Generalizing word2vec

The idea of the word2vec method is quite simple, but nevertheless very elegant and, as lots of recently published papers confirmed, very versatile for a broad range of problems. Thus, a lot of problems can be transformed and solved by a generic word2vec implementation. The advantage is that we can reuse a mature and optimized method to solve various problems, but the drawback is that this might not be very flexible, if we have, for instance, special requirements. Like kludges for the data preparation, or the abuse of parameters to emulate a certain behavior.

However, if we just extract the core component of word2vec, we have a fairly generic black box to solve a problem. In the skip-gram case, the input consists of a source word that is used to predict a sequence of context words. This approach also works, if we don’t have actual words, but tokens that are somehow related. Especially for unordered data, like sets, where the context is not well defined, an adaptable preparation step makes a lot of sense.

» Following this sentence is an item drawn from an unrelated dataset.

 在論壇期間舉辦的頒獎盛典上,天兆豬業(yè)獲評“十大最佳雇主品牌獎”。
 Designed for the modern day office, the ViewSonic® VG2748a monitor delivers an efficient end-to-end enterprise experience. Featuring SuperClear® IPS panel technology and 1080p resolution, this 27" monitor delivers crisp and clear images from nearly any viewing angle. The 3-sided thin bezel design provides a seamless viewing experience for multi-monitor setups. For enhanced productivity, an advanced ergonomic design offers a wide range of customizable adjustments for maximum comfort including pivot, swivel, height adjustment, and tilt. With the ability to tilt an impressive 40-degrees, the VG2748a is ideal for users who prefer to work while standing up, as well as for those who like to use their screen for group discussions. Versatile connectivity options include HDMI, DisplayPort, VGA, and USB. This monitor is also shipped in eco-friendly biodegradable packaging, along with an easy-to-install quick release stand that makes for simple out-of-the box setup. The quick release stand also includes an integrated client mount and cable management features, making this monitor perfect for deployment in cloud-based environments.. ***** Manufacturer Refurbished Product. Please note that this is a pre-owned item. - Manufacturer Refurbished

For example, let’s assume that we have a set of titles and each title has a set of corresponding tags. The intuition is that if two titles share a lot of tags, they are related. In other words, the title is the source and all assigned tags form the context, which can be seen as a local neighborhood. In case we also consider tags from titles that are reachable through shared tags, we gradually move away from a local to more global neighborhood.

This also has been explored in the literature where the local neighborhood can be described as a breadth-first search and the global one as a depth-first search. This is also related to a random walk, since it makes sense to stochastically decide what node to traverse next. For instance, we start at an arbitrary title, then we sample from the corresponding tags, then we sample from the connected titles and so forth. The whole sequence is then the walk. In contrast to a sequence a set is not ordered and thus, we need a different kind of notation for the window size. In [arxiv:1603.04259] it was proposed to consider all pairs in the set, or to shuffle each training sample.

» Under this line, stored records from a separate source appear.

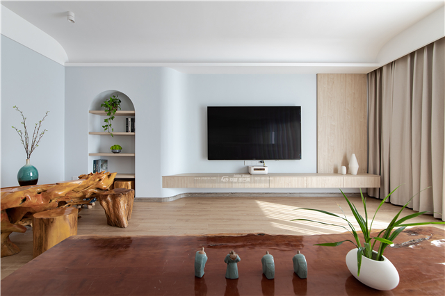 電視背景墻旁的壁龕設(shè)計(jì),點(diǎn)綴幾株清新的綠植,有弧度的墻面,曲折流轉(zhuǎn)間,仿佛走進(jìn)了森林里的小路,清新而充滿趣味。
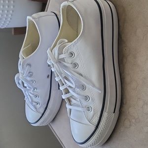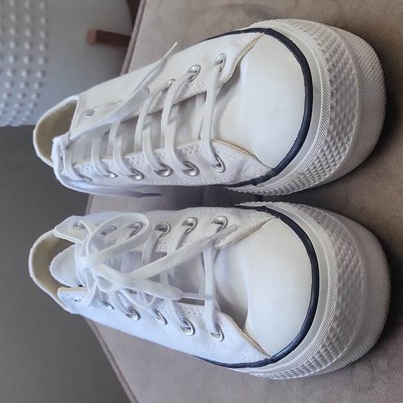 like new converse platforms that I poshed from here. only worn 2-3x total. light scuffs on the top and some dirt wear on the bottom but still in great condition! I bought a 1/2 size too big
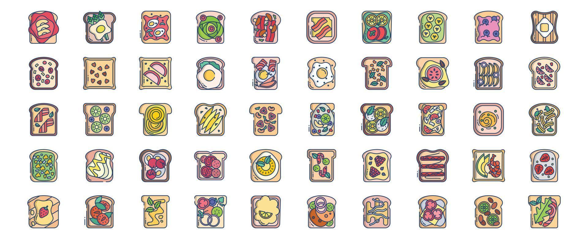 Collection of icons related to Toast topping, including icons like Bacon, Avocado, Butter, Mushroom, and more. vector illustrations, Pixel Perfect set Pro Vector
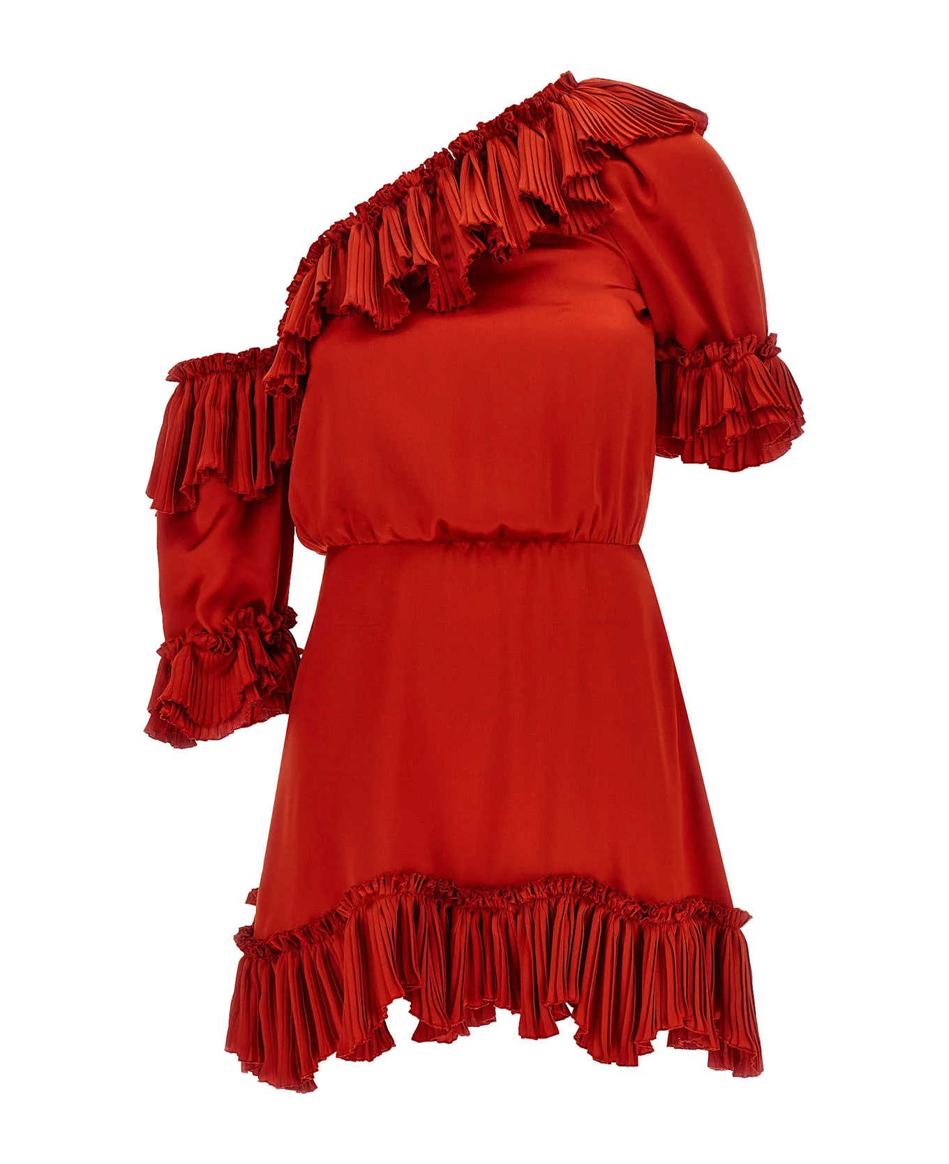 One-shoulder mini dress in shiny silk satin with short sleeves, pleated ruffles on the sleeves, neckline and hem, slightly curled waist, side closure with hidden zip, and asymmetric length. Composition: 100% silk Made in: Italy Color: Red Size and fit: - True to size fit Model number: 862002Y7G276850

Bottom line, word2vec can be used far beyond the field of NLP which includes graph embedding, collaborative filtering or personalization, just to name a few. Furthermore, in most scenarios, a well-matured implementation[python:gensim.models.Word2Vec] can be used to train an embedding without the necessity to adapt a single line of the code. In other cases, the input data might need to be encoded in a special way, but this is often straightforward and also does not require to change the code.

Predicting The Next ‘Thing’

It is the dream of all machine learning guys to find a way to use the available data in combination with some unsupervised learning algorithm to train a useful representation of the data. Yes, we drastically simplifying things here, but the point is to learn without the necessity to label the data which is very expensive.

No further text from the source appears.